Start of Block

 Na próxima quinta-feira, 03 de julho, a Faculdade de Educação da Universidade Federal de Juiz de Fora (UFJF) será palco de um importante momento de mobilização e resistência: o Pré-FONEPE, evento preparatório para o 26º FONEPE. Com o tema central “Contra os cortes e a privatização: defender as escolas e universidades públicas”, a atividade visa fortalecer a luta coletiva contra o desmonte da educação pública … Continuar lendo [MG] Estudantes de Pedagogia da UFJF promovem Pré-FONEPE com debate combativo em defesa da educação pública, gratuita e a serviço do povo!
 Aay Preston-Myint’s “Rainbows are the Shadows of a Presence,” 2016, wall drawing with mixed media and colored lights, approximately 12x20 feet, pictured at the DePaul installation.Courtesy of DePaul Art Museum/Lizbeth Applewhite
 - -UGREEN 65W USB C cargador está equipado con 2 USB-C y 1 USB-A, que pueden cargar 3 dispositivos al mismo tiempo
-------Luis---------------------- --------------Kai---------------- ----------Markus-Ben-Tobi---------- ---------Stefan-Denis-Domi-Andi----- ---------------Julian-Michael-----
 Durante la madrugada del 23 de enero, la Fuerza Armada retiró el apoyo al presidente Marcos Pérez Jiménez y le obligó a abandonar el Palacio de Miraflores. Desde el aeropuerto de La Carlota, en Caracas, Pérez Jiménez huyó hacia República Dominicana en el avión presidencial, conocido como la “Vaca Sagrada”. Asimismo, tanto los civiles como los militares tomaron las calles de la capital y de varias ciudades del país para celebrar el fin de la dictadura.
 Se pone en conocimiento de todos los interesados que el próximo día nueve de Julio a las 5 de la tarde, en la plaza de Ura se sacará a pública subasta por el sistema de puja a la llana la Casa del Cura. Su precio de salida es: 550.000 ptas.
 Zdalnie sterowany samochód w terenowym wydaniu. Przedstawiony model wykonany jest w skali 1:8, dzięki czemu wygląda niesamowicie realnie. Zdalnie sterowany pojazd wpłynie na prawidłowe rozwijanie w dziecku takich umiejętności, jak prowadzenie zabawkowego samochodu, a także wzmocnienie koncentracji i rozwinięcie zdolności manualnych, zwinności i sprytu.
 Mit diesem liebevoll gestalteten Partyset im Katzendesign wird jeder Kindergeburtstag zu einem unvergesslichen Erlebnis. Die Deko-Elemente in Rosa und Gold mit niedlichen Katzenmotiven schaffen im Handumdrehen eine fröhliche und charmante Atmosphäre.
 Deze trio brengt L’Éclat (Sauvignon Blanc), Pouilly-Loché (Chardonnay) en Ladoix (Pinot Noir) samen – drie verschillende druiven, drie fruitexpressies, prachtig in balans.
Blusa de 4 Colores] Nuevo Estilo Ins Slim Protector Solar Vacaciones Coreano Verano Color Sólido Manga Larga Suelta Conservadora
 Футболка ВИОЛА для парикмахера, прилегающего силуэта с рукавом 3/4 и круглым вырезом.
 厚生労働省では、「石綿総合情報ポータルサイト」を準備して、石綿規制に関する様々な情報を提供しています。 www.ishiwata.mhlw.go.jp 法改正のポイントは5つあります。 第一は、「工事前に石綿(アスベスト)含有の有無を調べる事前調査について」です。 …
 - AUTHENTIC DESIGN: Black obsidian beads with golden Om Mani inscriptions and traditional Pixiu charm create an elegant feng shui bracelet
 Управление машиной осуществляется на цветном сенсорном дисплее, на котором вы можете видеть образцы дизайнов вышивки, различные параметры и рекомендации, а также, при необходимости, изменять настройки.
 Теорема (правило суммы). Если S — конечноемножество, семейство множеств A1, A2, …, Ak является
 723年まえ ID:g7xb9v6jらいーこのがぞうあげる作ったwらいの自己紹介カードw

End of Block

## Task item
Look over the material and return every line where the word "para" is found.

## Your solution
 Na próxima quinta-feira, 03 de julho, a Faculdade de Educação da Universidade Federal de Juiz de Fora (UFJF) será palco de um importante momento de mobilização e resistência: o Pré-FONEPE, evento preparatório para o 26º FONEPE. Com o tema central “Contra os cortes e a privatização: defender as escolas e universidades públicas”, a atividade visa fortalecer a luta coletiva contra o desmonte da educação pública … Continuar lendo [MG] Estudantes de Pedagogia da UFJF promovem Pré-FONEPE com debate combativo em defesa da educação pública, gratuita e a serviço do povo!
 Durante la madrugada del 23 de enero, la Fuerza Armada retiró el apoyo al presidente Marcos Pérez Jiménez y le obligó a abandonar el Palacio de Miraflores. Desde el aeropuerto de La Carlota, en Caracas, Pérez Jiménez huyó hacia República Dominicana en el avión presidencial, conocido como la “Vaca Sagrada”. Asimismo, tanto los civiles como los militares tomaron las calles de la capital y de varias ciudades del país para celebrar el fin de la dictadura.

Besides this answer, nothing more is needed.